Of their posted upcoming litters, Rainye failed elbows and apparently so did her mom https://www.ofa.org/advanced-search?f=sr&appnum=1820987


Risky and Luna have a deficient practitioner heart certification


----------



## goldenmommy (Sep 5, 2009)

Windmill goldens has some really bad reviews on a google search, sending sick puppies to Florida, not responding to people after the puppy is delivered, not letting people see where she raises the puppies, red flags to me sounds just like the puppy mill I bought from in Colorado, also another breeder I spoke to had nothing good to say about their practices as far as stud fees etc.


----------



## DanaRuns (Sep 29, 2012)

Most folks from Utah seem to go to Colorado or Wyoming for their puppies.


----------



## ArchersMom (May 22, 2013)

goldenmommy said:


> Windmill goldens has some really bad reviews on a google search, sending sick puppies to Florida, not responding to people after the puppy is delivered, not letting people see where she raises the puppies, red flags to me sounds just like the puppy mill I bought from in Colorado, also another breeder I spoke to had nothing good to say about their practices as far as stud fees etc.


If it's Windmill farms you're talking about, I don't think you'd want a strong field bred dog anyway.

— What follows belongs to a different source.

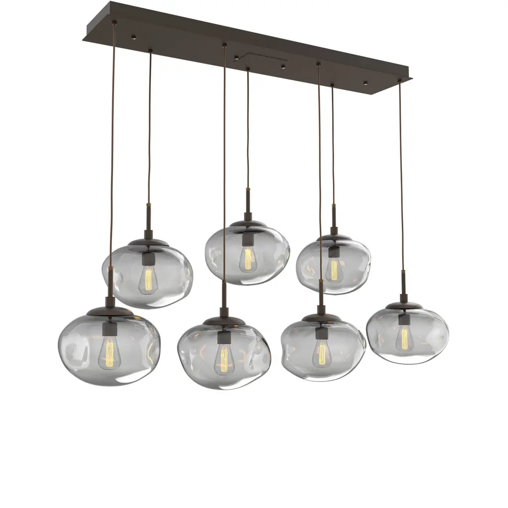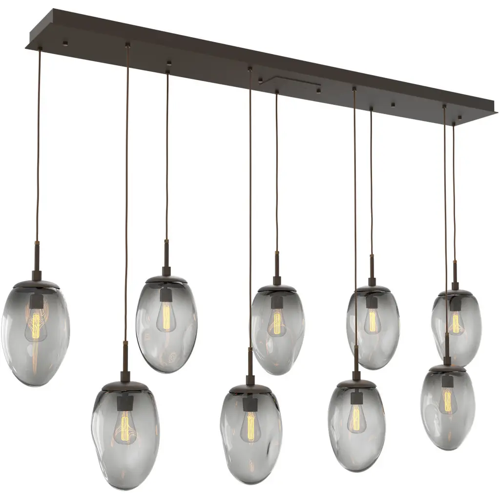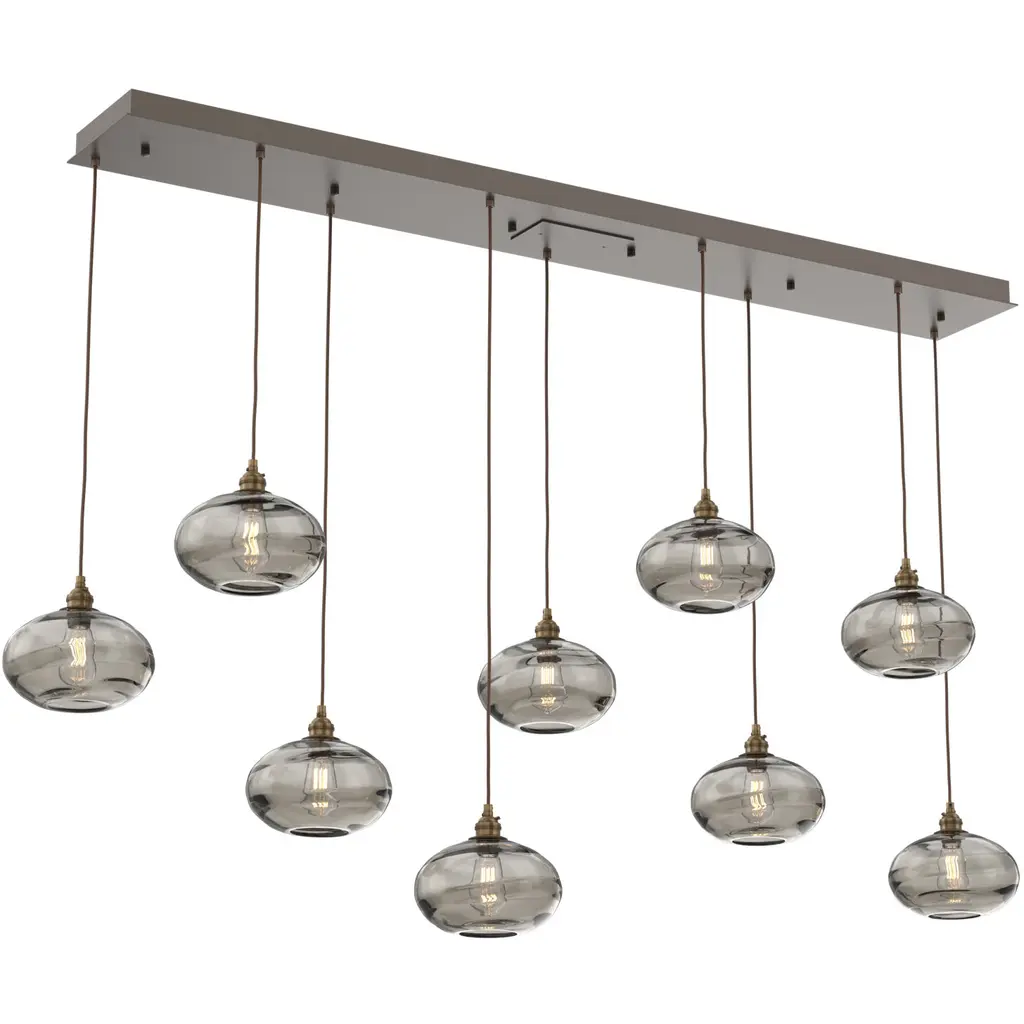 Meteo Linear Multi-Pendant-9PC-Incandescent-Burnished Bronze-Smoke Blown Glass-Cloth Braided Cord-E26

You might have already done this but have you checked with the Oregon, Washington or NorCal GR clubs?


----------



## jlanky (Feb 4, 2018)

Hey all. I am also starting to look at breeders in the UT (and surrounding state area). Does anyone have any opinions on, or experience with, Southern Utah Goldens (https://www.southernutahgoldens.com)? Our last three golden have been rescues, so looking into breeders is a brand new experience for us. If not in UT, does anyone have any well known and good breeders in Colorado, Wyoming, Idaho, etc.?


----------



## Jay Scott (Jan 21, 2020)

ArchersMom said:


> If it's Windmill farms you're talking about, I don't think you'd want a strong field bred dog anyway. You might have already done this but have you checked with the Oregon, Washington or NorCal GR clubs?

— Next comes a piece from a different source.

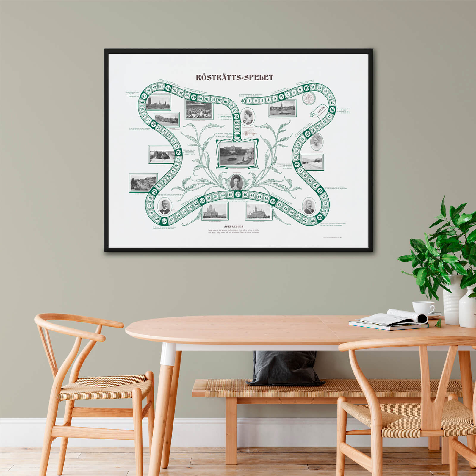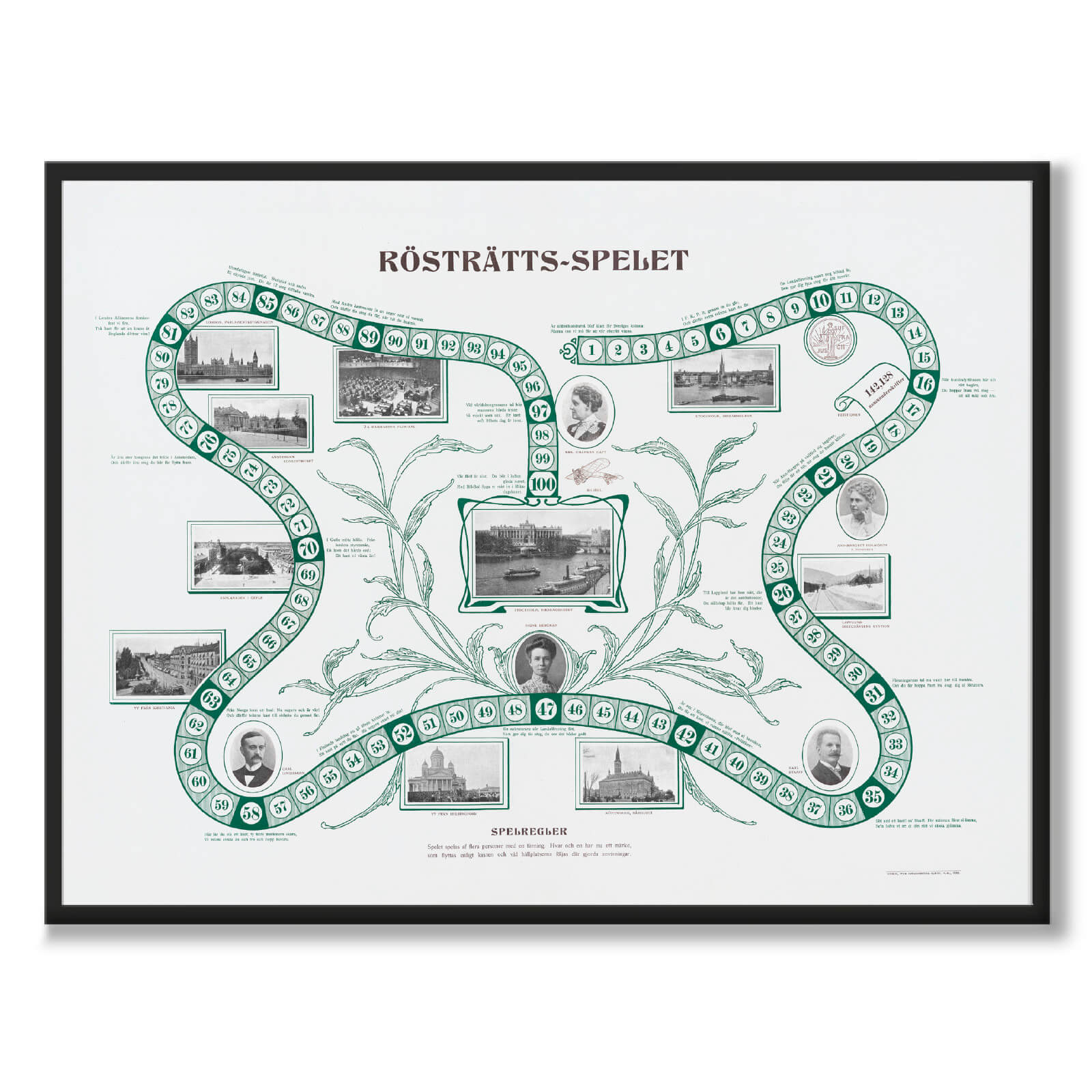 Dette designet kalles The Suffrage Game og er en fantastisk og kraftig illustrasjon som viser kvinnebevegelsens reise og fremgang tidlig på 1900-tallet. Stemmerettsspillet representerer et terningspill og ble distribuert som et postkort i 1910 for å fremme kvinners likestilling og stemmerett.

Windmill Farms does breed field dogs for bird dogs and have chosen characteristics more suitable for such. They admit on their website they have reduced the feathering to make them more of a field dog. I want a Golden with beautiful coat and feathering, so I’m looking elsewhere.


----------



## 212385 (Oct 29, 2020)

jlanky said:


> Hey all. I am also starting to look at breeders in the UT (and surrounding state area). Does anyone have any opinions on, or experience with, Southern Utah Goldens (https://www.southernutahgoldens.com)? Our last three golden have been rescues, so looking into breeders is a brand new experience for us. If not in UT, does anyone have any well known and good breeders in Colorado, Wyoming, Idaho, etc.?


Hi, I know it's been a couple years but did you ever find out about Southern Utah Goldens? I haven't paid a deposit yet but I'm concerned about why it's so difficult to find an exact physical address from them. I want to know whether they're a scam.


----------



## Akgolden7 (Nov 22, 2017)

Eddiewu said:


> Hi, I know it's been a couple years but did you ever find out about Southern Utah Goldens? I haven't paid a deposit yet but I'm concerned about why it's so difficult to find an exact physical address from them. I want to know whether they're a scam.


A lot of breeders don't like to advertise their physical address so people don't show up randomly or unannounced. Have you reached out to the breeder? Sometimes they will let you meet the parents.


----------



## DanaRuns (Sep 29, 2012)

Akgolden7 said:


> A lot of breeders don't like to advertise their physical address so people don't show up randomly or unannounced. Have you reached out to the breeder? Sometimes they will let you meet the parents.


Breeders also worry about animal rights activists and puppy thieves (yes, it's a thing) showing up to cause trouble.

But anyone who is at the point of putting down a deposit should have the breeder's physical address.


----------



## 212385 (Oct 29, 2020)

Ok, thanks! I guess I'll move forward with them.


----------